The third most common asset to be inherited is one or more nonretirement accounts. Examples of these accounts could include trust accounts, transfer on death or payable on death accounts, also known as TOD or POD accounts, non-qualified annuities, and last but not least, cash, CDs, or bank accounts. The majority of these assets typically have the most liquidity and the easiest access to because, again, they're easy to get to and usually have preferential tax treatment. Another thing that would fall into this category would be life insurance proceeds, which are typically tax-free cash payments to the beneficiaries. As I said, if you are to receive an inheritance, these are the most common types of assets that you will likely have some mix of, and you'll want to know how to get them to play nice in the sandbox with what you already have.
I know it sounds weird that inheriting money can actually cause problems, but believe me, it does. This is even more the case if you stand to inherit Mom and Dad's business, which can lead your entire life in another direction, for better or worse. But I digress. We will save that for another episode. So now that we understand what's out there, I want to get into the most common costly issues or pitfalls I see arise when assets are passed to the next generations and how to try to avoid them.

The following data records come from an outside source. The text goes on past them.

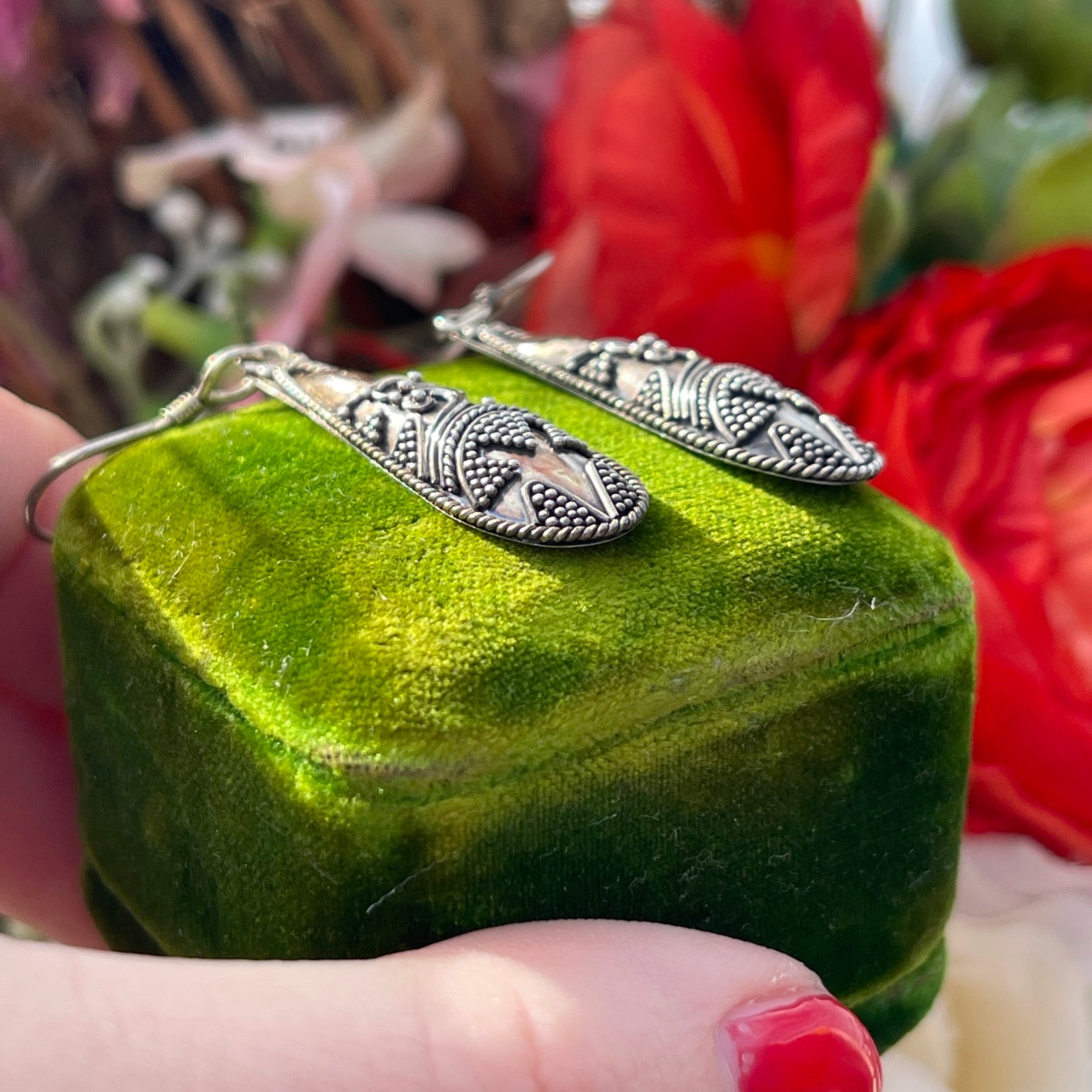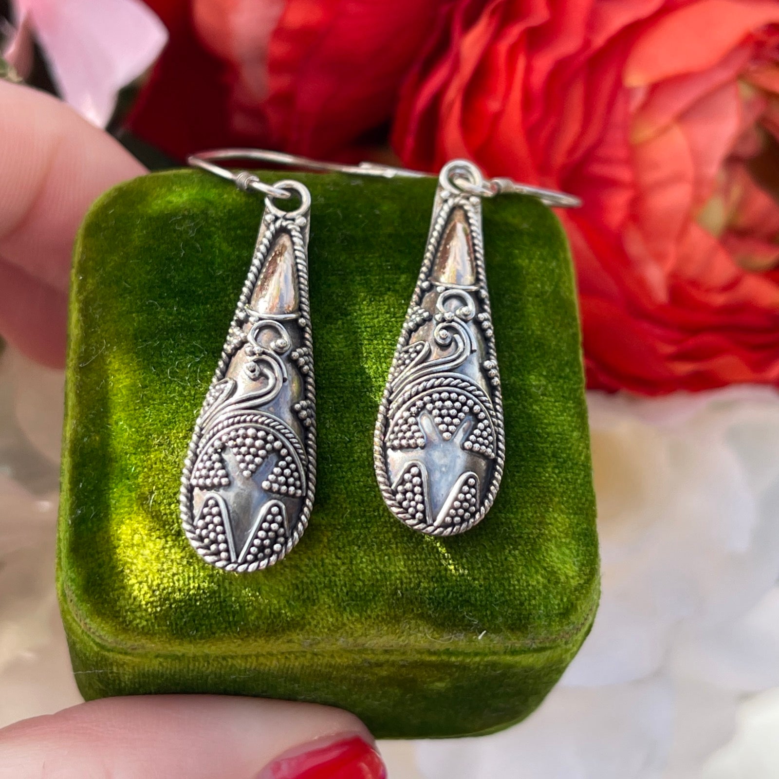 Vintage Sterling Silver Balinese Filigree Teardrop earrings
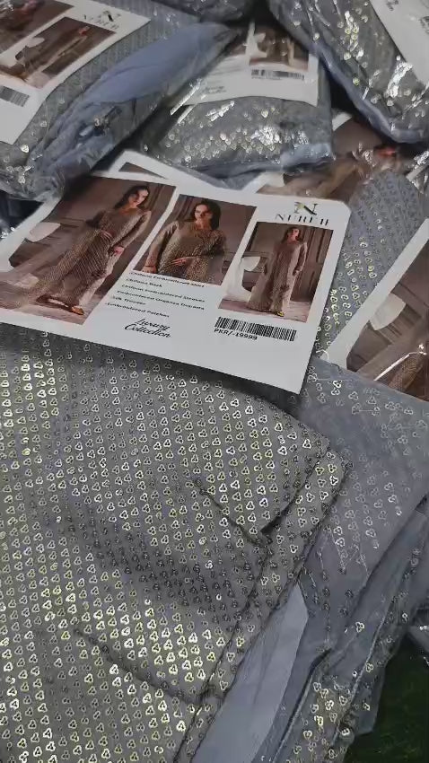 EMBROIDED SEQUENCE SHIRT WITH TWO BUNCHES + PLAIN SILK TROUSER + ORGANZA EMBROIDED SEQUECE DUPATTA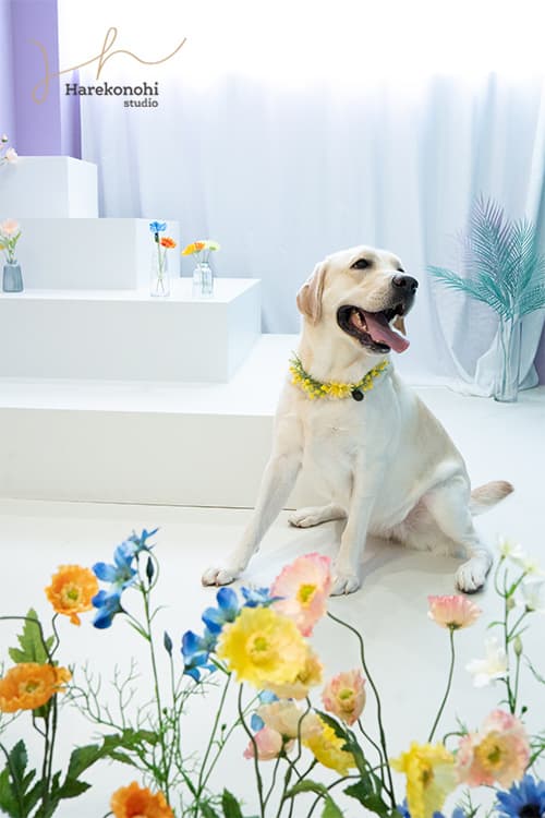 撮影の最初は、スタジオでも人気の「フラワーセット」からスタート。花冠をつけたワンちゃんが、淡いピンクやホワイトの花々に囲まれて登場しました!自然光がやさしく差し込むスタジオ内では、ふんわりとした雰囲気の1枚が完成。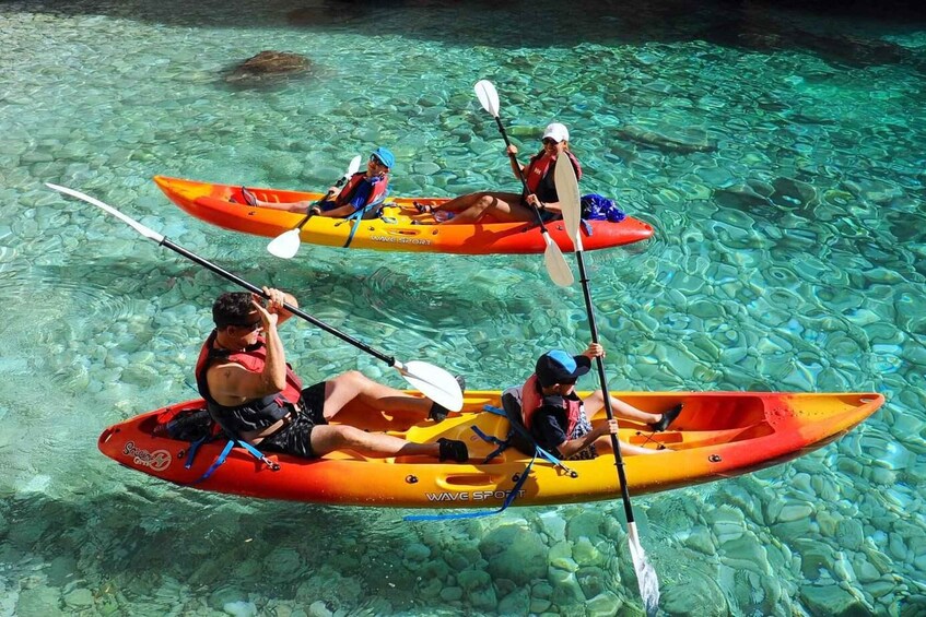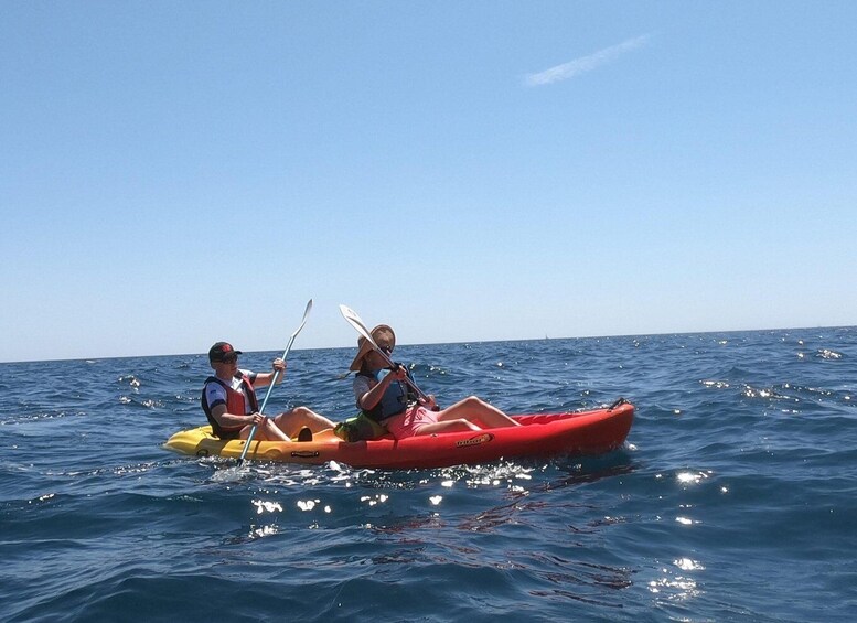 Lej og padl kajakker på den smukke sorte strand i den sydlige del af Santorini. ro altid i sikker afstand, hvor du er beskyttet mod forskellige speedbåde. undslippe folkemængderne og udforske sydkysten, mens du nyder den betagende natur i krystalklart vand.

And I want to start with property. And this is where most of the inheritance mishaps can happen. The first thing you and your aging parents will want to understand is how to title their property according to what they want to have happen with it. As you likely know, properties have what are called deeds that can be titled in different ways. Typically the deed will be in their name or maybe joint with their spouse.
If a deed is titled Joint with Rights of Survivorship, for example, the property will pass directly to the surviving joint owner upon the death of the other owner and, therefore, typically not trigger any probate. The common issue, however, is that when one parent precedes the other, the surviving parent will often leave the deed in their own name alone. Then when they pass, the property often does go to probate, which can be a very lengthy and expensive process in most states. This, of course, will eat into the value you may inherit at the end of the process. If your parents have a trust, on the other hand, the estate attorneys who drafted that trust will often help title the deed in the name of the trust, which avoids probate and helps ensure the property passes to the intended heirs.

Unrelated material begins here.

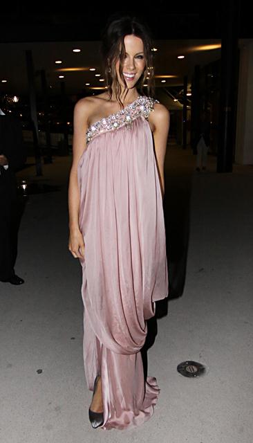 Can you imagine how happy Kate Beckinsale must be these two weeks? It’s virtually impossible, in theory, among so many tacky Euros, to OverDress in Cannes. Every night she’s in a new big dress and people want to take her picture. Every night she’s walking that carpet hoping so hard that it belongs to her. Last night was no exception. At the premiere of Biutiful, here’s Kate, the jury member, fronting like she’s actually a part of the film, in a gorgeous Balmain accessorised by her right leg. She’s not posing very well with that right leg. It’s not...centred enough. See? This just about sums her up. Always falling a little short.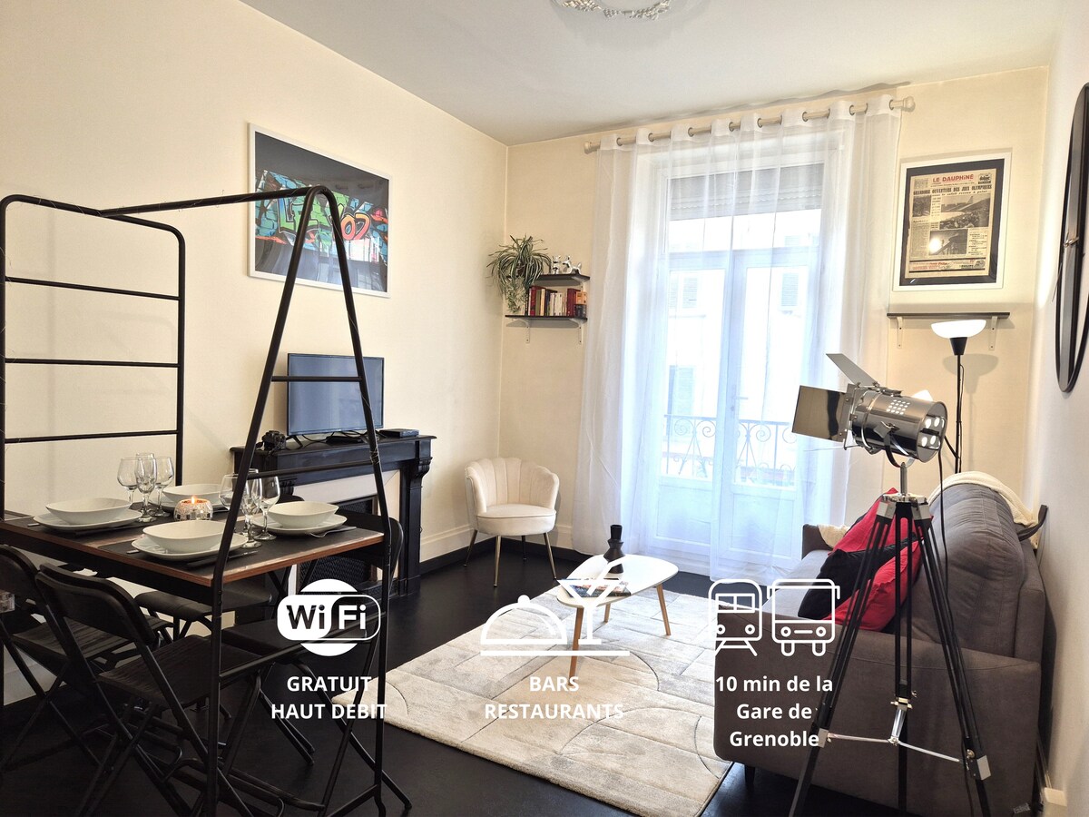 Profitez de notre appartement situé au CŒUR de Grenoble durant votre séjour. Logement rénové, spacieux, calme et lumineux. Le calme au cœur de la ville. EXTRAORDINAIRE Ce logement est situé dans une zone très dynamique et très centrale! A moins d'une minute de la salle de Sport Fitness Park, GALERIES LAFAYETTE, LA FNAC, tous les restaurants du Centre Ville, les rues piétonnes !! 🛏️Literie neuve et confortable Voyageurs respectueux, Soyez les bienvenus!!

However, you need to understand that the deed needs to actually be in the name of the trust. Sometimes people get a trust made, and they fail to fund the trust, meaning the property or certain other assets never actually get put into it, and therefore the trust fails to work properly. Just because a trust is made doesn't mean everything is necessarily taken care of. So double-check to make sure that the trust is funded properly if one exists. If one or both of your parents are still living, you can help them look into this.
Another common pitfall with this is when there is currently one surviving parent who trusts you or one of your siblings to help them with their finances and wants to put you or them on the deed while your parent is alive for whatever reason. This can cause a myriad of issues. The first is that if you are put on the title with a parent, they have technically gifted you partial ownership of that property. This means that regardless of what their will or trust says when that parent passes, the property will typically go to the other joint owner on title. So, in this case, it would be you or maybe your sibling. This causes other siblings to get disinherited.

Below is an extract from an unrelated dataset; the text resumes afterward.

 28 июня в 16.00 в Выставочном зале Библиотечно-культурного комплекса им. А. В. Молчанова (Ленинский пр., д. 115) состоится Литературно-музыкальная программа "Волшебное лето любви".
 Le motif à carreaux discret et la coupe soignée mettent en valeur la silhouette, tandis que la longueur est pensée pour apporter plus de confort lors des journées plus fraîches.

The second major issue is that when you are gifted property during their lifetime, you take on a share of the original owner's tax basis and value of the property. If, instead, you inherit the property after their death, you typically will receive what is called a full step-up in tax basis. This can cause major tax implications if you later decide to sell the property, and therefore you will receive less after taxes than what the property was worth at the time of the sale because you may have a taxable capital gain.
Here's a hypothetical example. Mom's home is worth $1 million. Her tax basis in the home, or essentially what she bought it for years ago, plus any improvements she's made, is $300,000. If she puts you on title with her, your basis is now 150,000, and her basis is 150,000, which equals the $300,000 total tax basis. When Mom dies, you will receive a step-up for her portion of the value, which is half of the $1 million. So $500,000.
You would then add that to your current basis, which again is $150,000. This means that your new total tax basis in the property is now $650,000. Therefore, if you decide to sell the property for $1 million and not factoring in any other selling costs, you would theoretically have a $350,000 capital gain costing you tens of thousands in taxes at the federal and possibly the state level. In this case, probate was avoided, but at a very hefty price tag.
Not to mention your siblings, who aren't going to be very happy knowing you just inherited Mom's house entirely, even though her will said otherwise. This is a costly mistake that can be avoided by planning ahead. Now, if Mom didn't put you on the title and you instead inherited it after her death, you would theoretically get a full step-up in tax basis to the value of the property at death. For example, your basis would be the property's value at death $1 million. And if you immediately turned around and sold it for $1 million, you theoretically have no taxable gain at all, and the full inheritance is preserved.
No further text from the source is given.